Many Americans have a very negative view of socialism, equating it with communism and welfare. Yet they don’t realize that we actually are a social welfare society. It’s just that we are subsidizing giant agribusinesses, too-big-to-fail banks, fossil fuel companies and monopolistic corporations—many of which, through “legal” machinations, pay no taxes. In the United States, more than $37 billion in subsidies goes to fossil fuel companies. The question is not government subsidies per se, but who and what are being subsidized. With our tax dollars, we are supporting the wrong entities.

Photo: Danya Hakeem

The west side of Kauaʻi is considered the global ground zero for the experimentation of genetically engineered seeds and the pesticides that accompany them.
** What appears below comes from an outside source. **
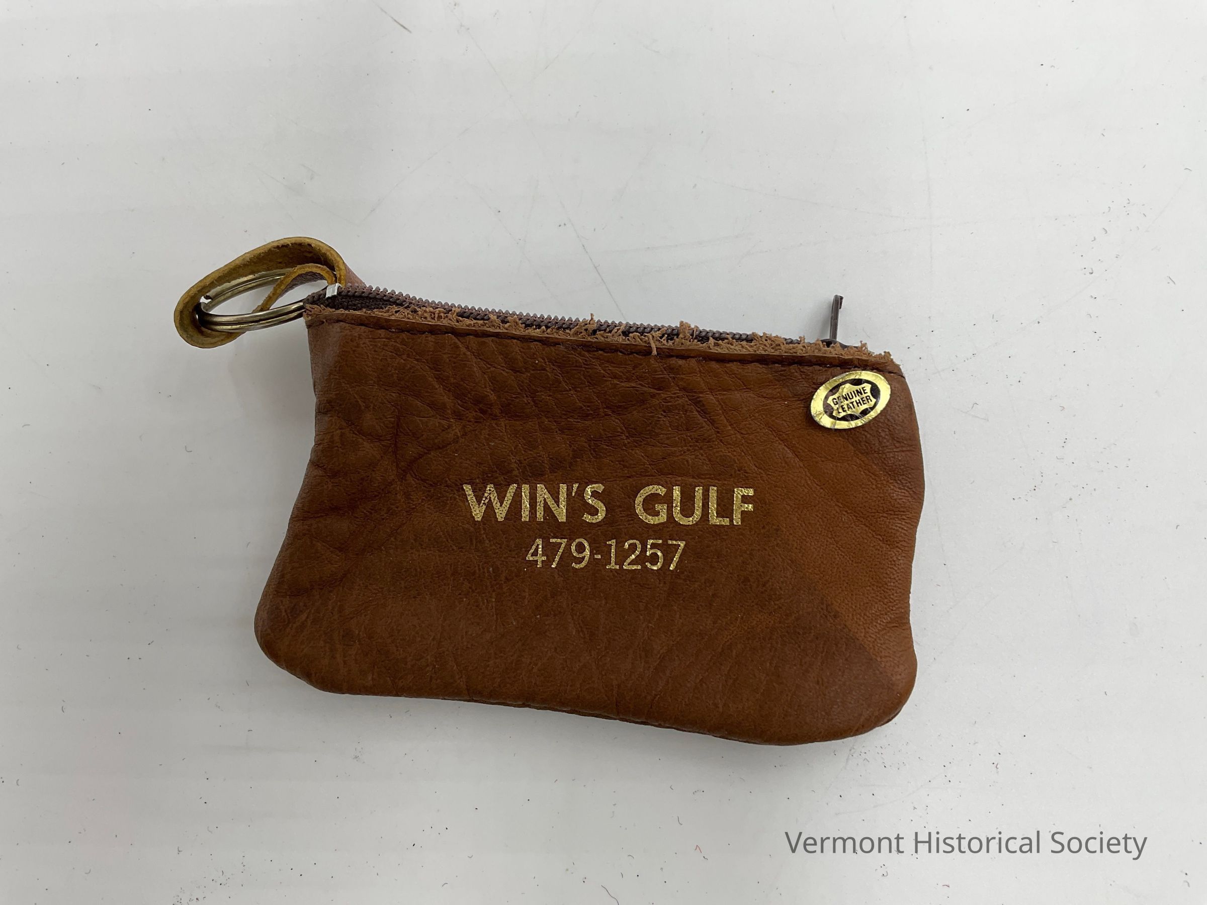 Small leather change purse that zips. The name of a business is printed in gold on the side of the purse. It says, "Win's Gulf, 479-1257."Context
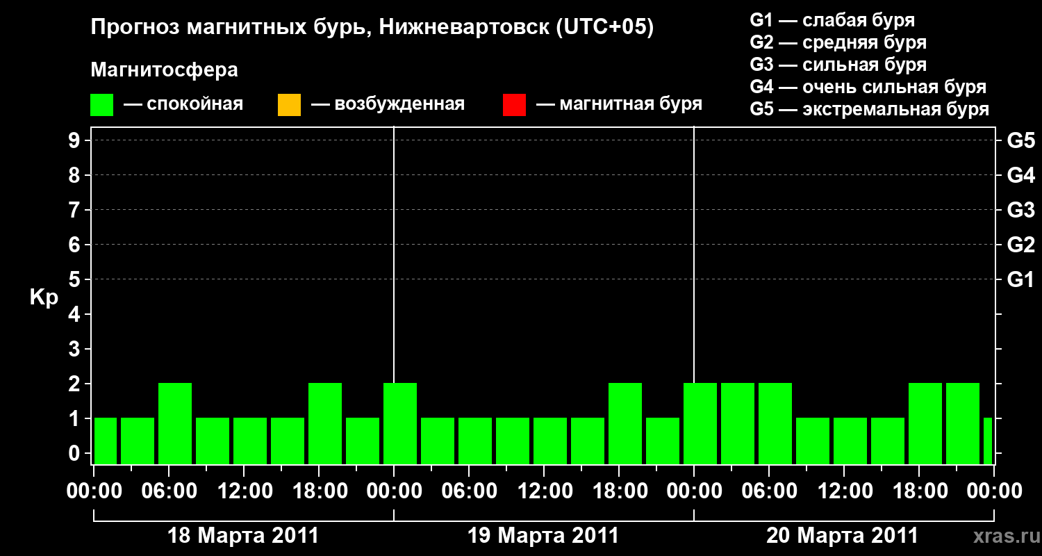 Прогноз магнитных бурь в Нижневартовске — 18 марта 2011 года

Waimea, Kauaʻi, Hawaiʻi. Photo: Danya Hakeem

Government doesn’t move unless it’s pushed. This can be done by you and me or by the Koch brothers or Wall Street. The Koch brothers have poured tens of millions of dollars into fighting climate reform. Bill McKibben of 350.org said the Kochs “hid their contributions through outfits like DonorsTrust, closely linked to the Kochs and focused not on conducting research to disprove climate change (a difficult task in a warming world) but on raising doubts about it wherever and however possible, a tactic borrowed from the tobacco industry.”

We used to be called citizens. We can still act like citizens by exercising our right and responsibility to vote. It is a very serious time in the story of this planet where we have the potential to destroy our natural world or to save this lovely blue planet—our home. The politicians who deny climate change and think they are smarter than 99 percent of the world’s climate scientists are either crooks or dumbasses. So why would you vote for them?

If we don’t act, especially by intelligently voting for the people and issues that matter, then someone else will—someone who doesn’t care about a future for our children and other wild things.

All of us working together can elect the government we need rather than be forced to live with one we deserve.